Arrivato nel prato verde luminoso in cui trascorsi le mie fantasie di infanzia, mi fermai a sostare sotto un alto pino, immenso, come i giganti nel regno tra le nuvole, tra oche dalle uova d’oro e arpe magiche. Ma, a differenza delle giornate impresse nella mia memoria, quella che mi accoglie in quel luogo magico è uggiosa. Il cielo grigio pare possedere la straordinaria capacità di ingoiare tutti i colori del panorama. Le foglie degli alberi sono più scure, quello che avrebbe dovuto essere un verde luminoso dell’erba assomigliava più a un verde piangente.
Era estate, ma la giornata piovosa, di cui si sentiva l’odore penetrante permeare l’aria con il suo sfrigolante e intenso aroma, sembrava arrivare dalla primavera appena trascorsa, o, peggio, dall’autunno in anticipo. Come se novembre avesse deciso di fare i bagagli, salire su una macchina del tempo e anticipare la sua venuta. Con tanto di strascico di foglie secche e accartocciate.
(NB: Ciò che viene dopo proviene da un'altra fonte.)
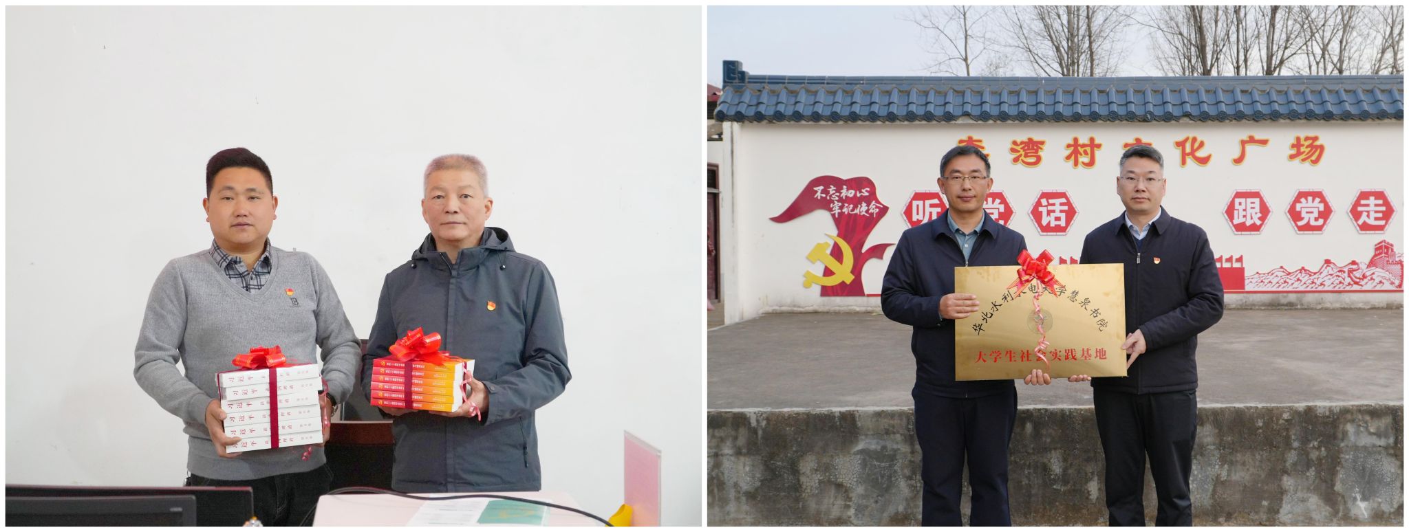 理论学习结束后,书院党委向李湾村党支部赠送《习近平治国理政(第五卷)》等理论书籍。随后,双方举行“华北水利水电大学慧泉书院大学生社会实践基地”揭牌仪式。实践基地的建立是书院落实立德树人根本任务,将学习课堂延伸到田野乡间、加强实践育人的具体行动,是书院与乡村发挥各自优势,共同引导学生走出课堂走向田间地头、广泛开展“接地气”“粘泥土”社会调研与实践活动的重要举措。

La verità era che non vi erano foglie secche e accartocciate, ma un fresco sentore di umidità che arrivava fino alle ossa e che faceva assomigliare la cute come un cappotto di pelle d’oca. E la sensazione non era nemmeno spiacevole, anzi, faceva venire voglia di scaldarsi con il contatto umano, ricercare la compagnia di un’altra persona, abbracciarsi e sospirare, aspettando che le temperature si fossero decise a crescere, trasformando il dolce contatto in un umido tormento da cui, amaramente, mi sarei disciolto.
Arrivato nel prato verde, qualche giorno prima, poco prima del cambio del meteo, mi accampai nel nulla, poco distante da un gruppo di alberi solitari, così amichevolmente familiari, così spaventosamente silenziosi. Che cosa non avrei dato per conoscere i segreti che custodivano. Chissà quali conversazioni avevano origliato, quali tormenti di amore avevano osservato, curiosi di sapere come la passione si sarebbe trasformata. Un fuoco di paglia, breve e intenso? O le fiamme eterne della magia greca?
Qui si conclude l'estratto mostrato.